If worst comes to worst, we should drive them out of the land.


----------



## Idelette (Jul 16, 2009)

I never saw this video before, so thanks for sharing! Dearborn is actually where Tim and Anna Phillips went to do outreach among Muslims! Praise God that they were able to go there!


----------



## Grimmson (Jul 16, 2009)

Southern Twang said:


> ChristianHedonist said:
> 
> 
> > The only effective solution to the spread of Islam is preaching the Gospel in love, and living in such a way that reflects the glorious grace of God that we have been made partakers of through the Gospel.
> ...



I do not think we as Christians should be militant; that is the role of are own government. The only way for us to combat this problem is to continue with the normal means of government and by doing what God has ordained us to do through prayer and proclamation.


----------



## Confessor (Jul 16, 2009)

Is it just me, or did the main guy doing the video exaggerate a few things? I mean, it is clear that the Muslims were being too oppressive in regards to the cameras, but I'm not sure it was appropriate to call it "assault."

In any case, I can imagine this occurring on an amplified level (if Muslims were to gain more power), in which case the video very accurately represents the dangers of Sharia Law, even if in seed form.


----------



## Southern Twang (Jul 16, 2009)

Joshua said:


> If _anybody_ aggresses or our family against us unjustly we may defend ourselves. It doesn't matter if they're Muslim, Buddhist, etc. _What_ they are is utterly irrelevant as to what we may do in self defense, otherwise we must embrace the converse idea that crimes should somehow be _more_ punishable because we attach the label _hate_ crimes on to it.



I agree when it comes to self defense, but can we stop this situation before it comes to this?
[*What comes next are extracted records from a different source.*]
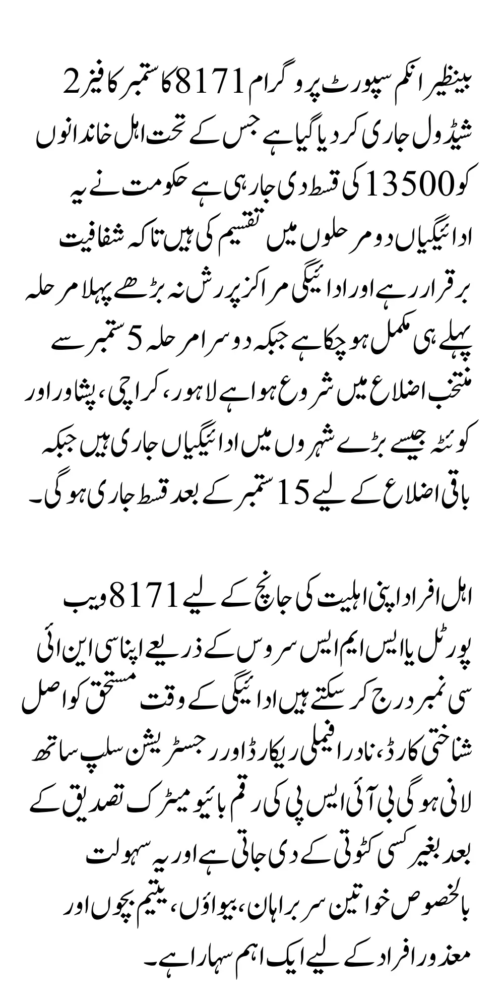 BISP 8171 September 2025 Installment Amount and Coverage
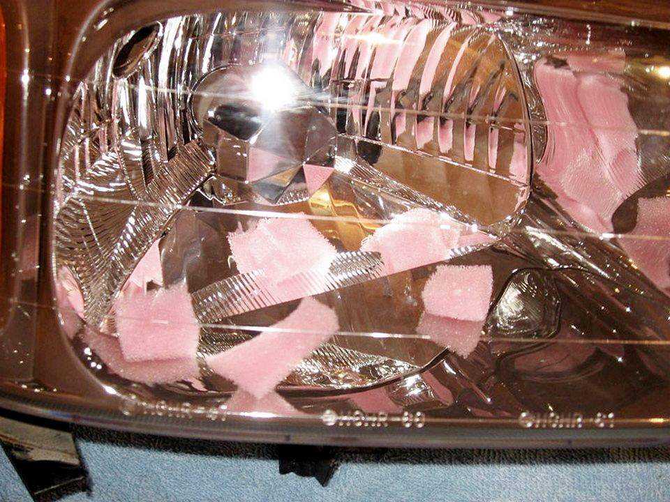 - потрясти фару в разные стороны — куски поролона начнут соприкасаться с внутренней поверхностей и вычищать грязь;
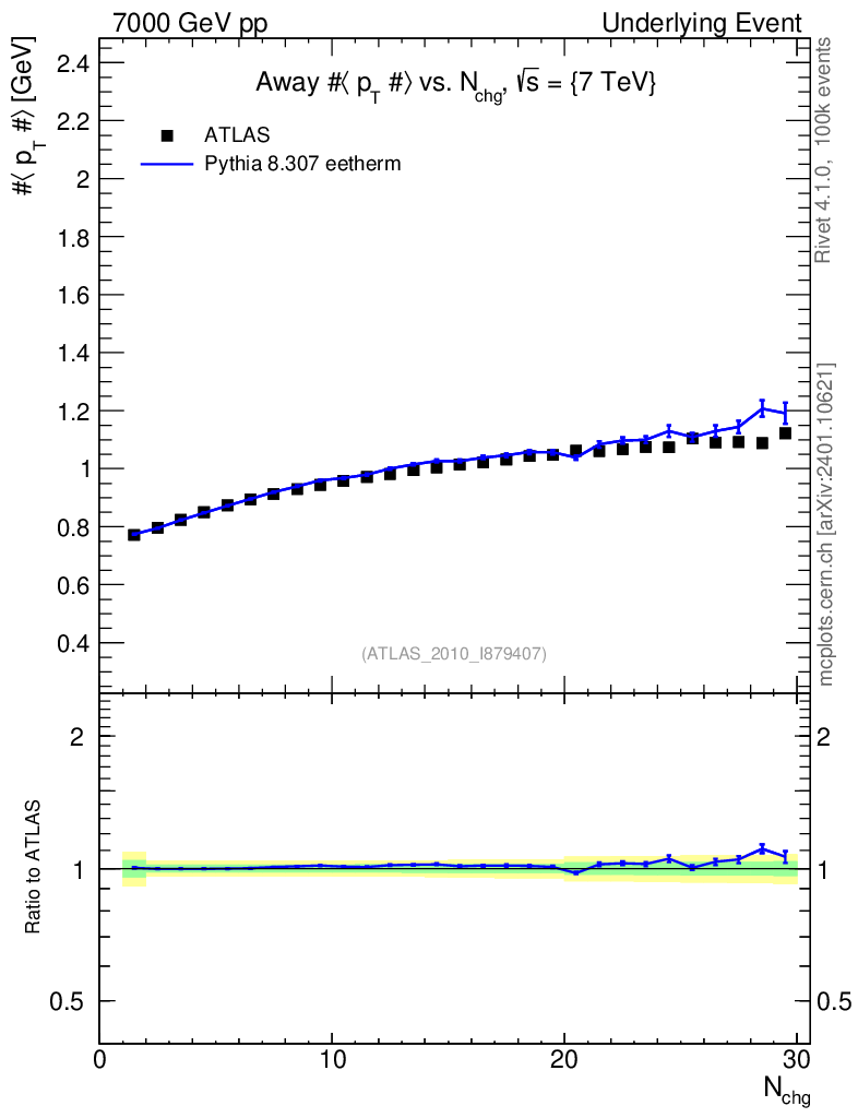 Lines: data, pythia8 8.307 eetherm |
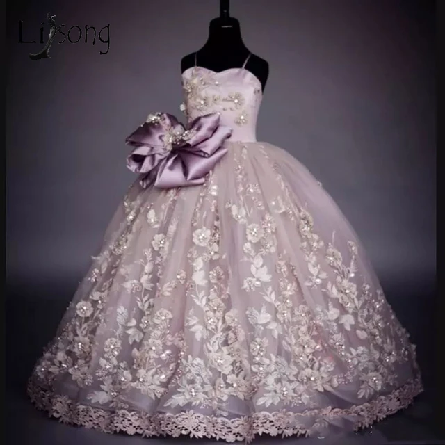 Pretty Crytsal Kids Communion Dresses Appliques Big Cute Bow Pageant Dresses For Girls Long Ball Gowns Lace Flower Girl Dress
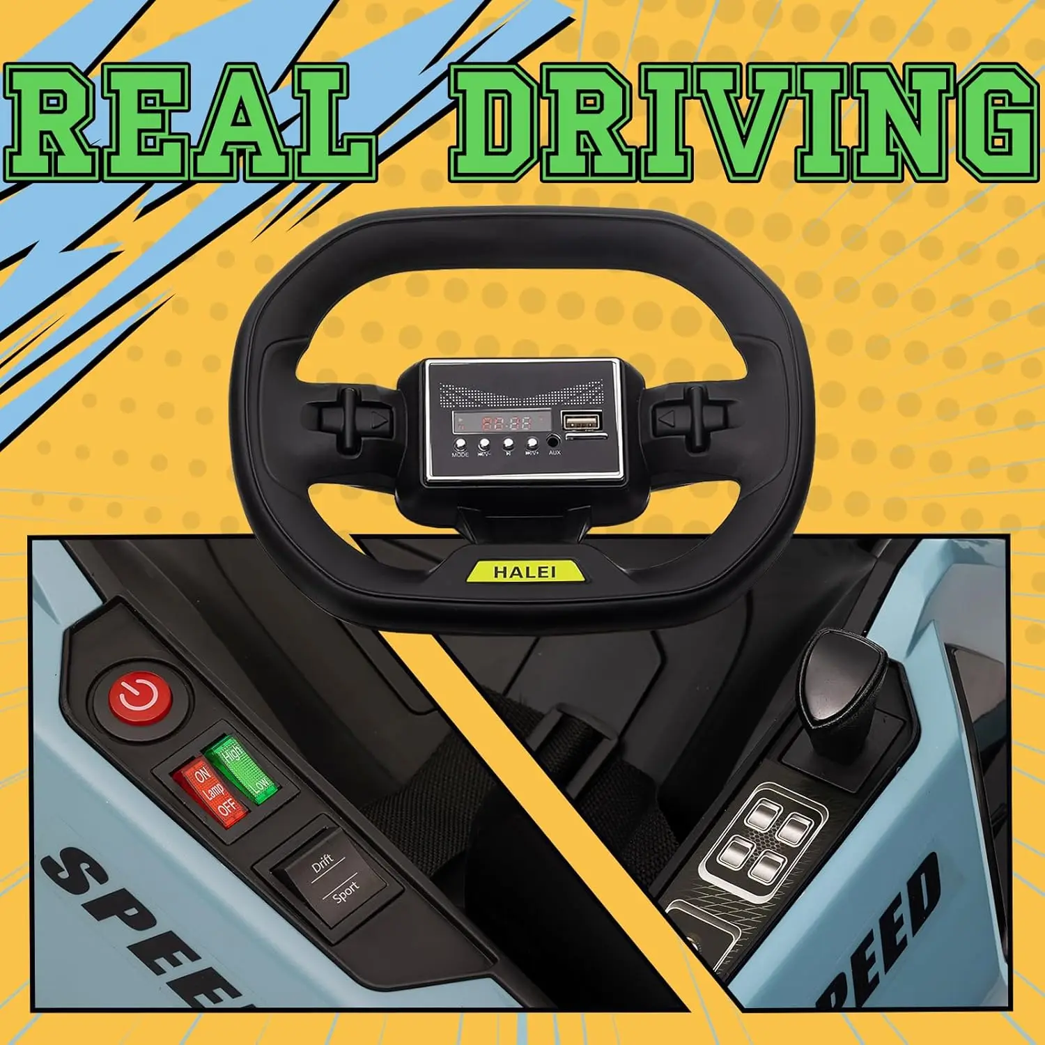 - 【Driving with Background Music】kids' electric vehicles can play music through USB,FM functions or bluetooth while your kids is driving a electric drift kart, making them feel like a professional racing driver, driving electric kart and drifting through dynamic background music.
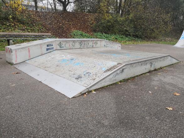 Dieser Street-Skatepark hat eine Fläche von 280 qm. Er verfügt über eine Bank, mit der man genug Schwung aufnehmen kann, um alle Obstacles gut zu befahren. Auch für Bike und Scooter Freunde gut geeignet.
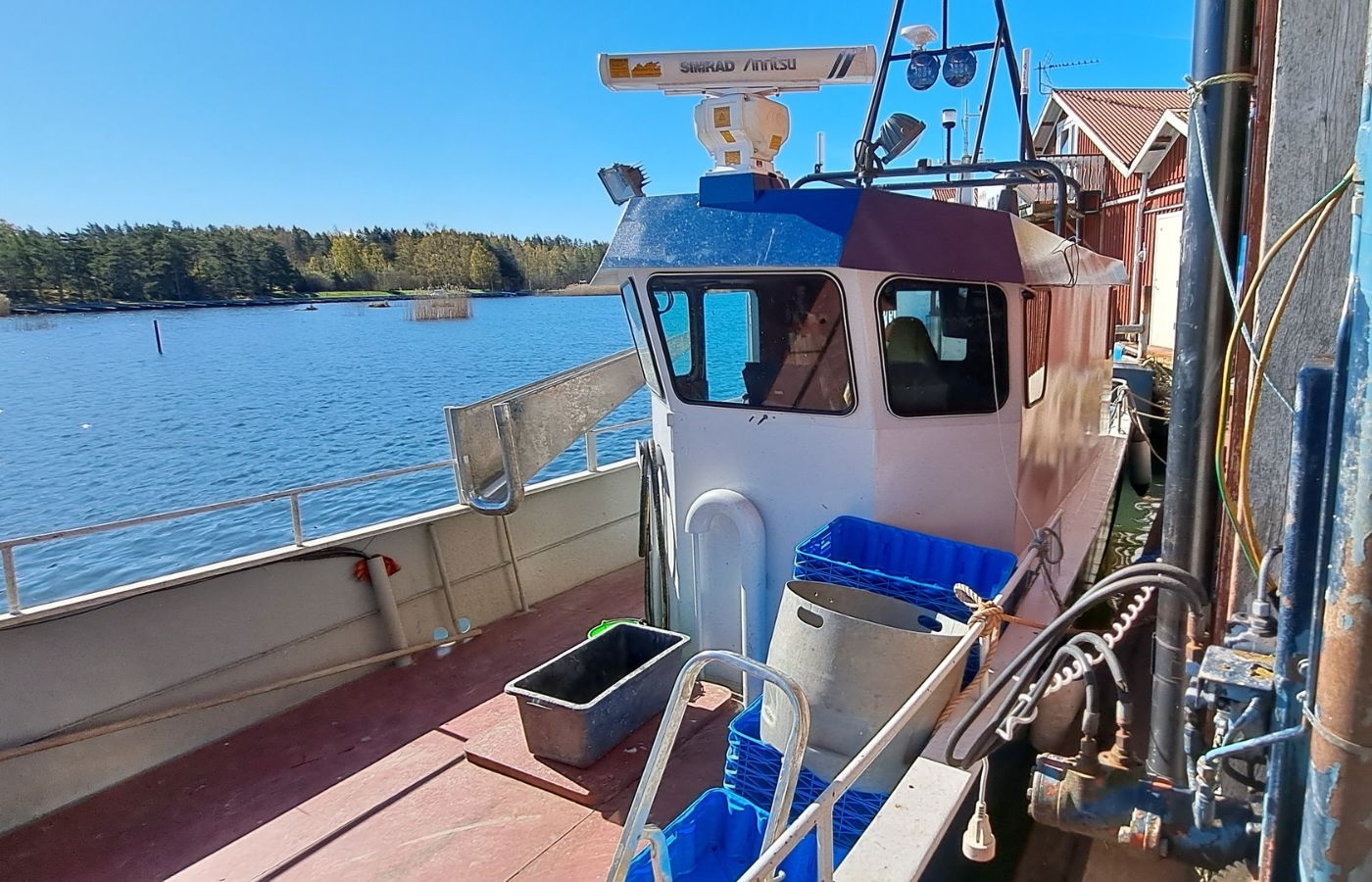 Däcket på en liten fiskebåt i fiskeläget i Spiken i Vänern.

In this situation, it is possible that Islam is spreading (growing) and could eventually lead to Christians being oppressed. I want to know if we can avert this worst case scenario from happening. Saying that we will preach the Gospel and let God work in their hearts is not a sufficient answer. It is absolutely the first step we take, but shouldn't be the last.


----------



## matt01 (Jul 16, 2009)

I saw this on Jihad Watch. Check it out, interesting stuff... This isn't really an example of Sharia; it is just poorly trained/ill-informed security guards, overstepping their boundaries.



Southern Twang said:


> If worst comes to worst, we should drive them out of the land.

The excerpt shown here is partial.